本文选题：氧化铝　切入点：氮化铝　出处：《清华大学》2015年硕士论文　论文类型：学位论文

【摘要】：铝与氧化铝、氮化铝等含铝陶瓷的连接技术在大功率集成电路封装基板、轻质复合装甲以及汽车工业等领域具有广泛的应用前景。然而,由于铝极易氧化,且铝与陶瓷的物理、化学性质有着巨大的差异,铝对氧化铝、氮化铝等含铝陶瓷的润湿性很差,阻碍了铝与陶瓷的连接。而本课题组发明的陶瓷热浸镀铝工艺,能够在氧化铝、氮化铝陶瓷表面形成均匀的、几微米厚的铝膜,出现了铝对氧化铝、氮化铝陶瓷的“超常润湿”现象。本文实验研究了温度、氧含量以及保温时间等工艺条件氧化铝、氮化铝热浸镀铝的影响,并利用第一性原理计算,从微观角度探究了铝对氧化铝、氮化铝陶瓷“超常润湿”现象的机理。氧化铝陶瓷热浸镀铝实验发现,气氛中氧含量对热浸镀工艺影响显著。在一定温度下,存在一个最佳氧含量区间,使氧化铝陶瓷表面形成均匀和高覆盖率的铝膜,而最佳氧含量区间也会随热浸镀铝温度的变化而发生变化。氧含量主要通过影响熔融铝液的表面张力来影响铝液在氧化铝表面的铺展。
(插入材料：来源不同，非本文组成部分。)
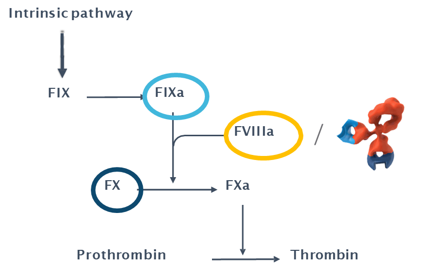 圖2. FIX、FX與FVIIIa形成三元復(fù)合物催化凝血酶形成示意圖。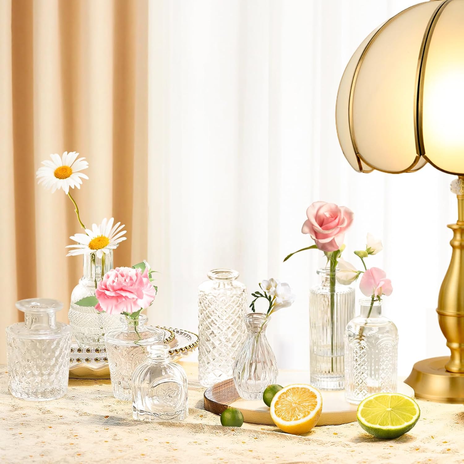 • Thick and Sturdy: Our glass vases bulk is made of thick and sturdy glass, strong and not easily broken. Each small glass vases floreros has a thickened base for stability, and the textured pattern on the surface of small vases for flowers adds a unique touch, injecting an element of sophistication to create a fun and captivating visual effect.

高分辨透射电镜对氧化铝C面单晶热浸镀铝样品界面观察发现,界面没有非晶态氧化层,大部分界面十分平整,而在某些区域出现高度约5 nm、外延生长而成的台阶。铝液内部极度缺氧的气氛使氧化铝表面最外层的氧“蒸发”,以A120的形式沿界面扩散,并在某些区域形核、外延生长形成台阶。第一性原理计算表明,这种由于氧化铝表面氧原子层的“蒸发”而形成的(((31)~(1/31))×((31)~(1/31)))R±9°表面重构结构,可以提高氧化铝与铝的界面吸附功Wad并降低铝与氧化铝的接触角θ。当铝液表面吸附氧而使其表面张力降低至0.97 J/m2以下时,铝与氧化铝的接触角θ即可降低至0°,达到“完美润湿”,产生铝与氧化铝的“超常润湿”现象。氮化铝陶瓷热浸镀铝实验发现,保温时间对热浸镀铝工艺影响显著。氮化铝陶瓷片在铝液中保温10分钟以上才能在氮化铝陶瓷表面获得较高覆盖率的铝膜,这是由于氮化铝表面原生的氮氧化物层,铝液与其反应完全后,铝液与新鲜的氮化铝表面接触并润湿。铝液内部极度富铝的气氛会使氮化铝表面形成((3~(1/3))×(3~(1/3)))R30°LCM富铝表面重构。第一性原理计算表明,铝在这种富铝的氮化铝重构表面上的接触角为35-41°;当铝液表面吸附氧而使其表面张力降低至1.02 J/m2以下时,铝液在此重构表面上的接触角可以降低至0°,达到“完美润湿”,产生铝与氮化铝的“超常润湿”现象。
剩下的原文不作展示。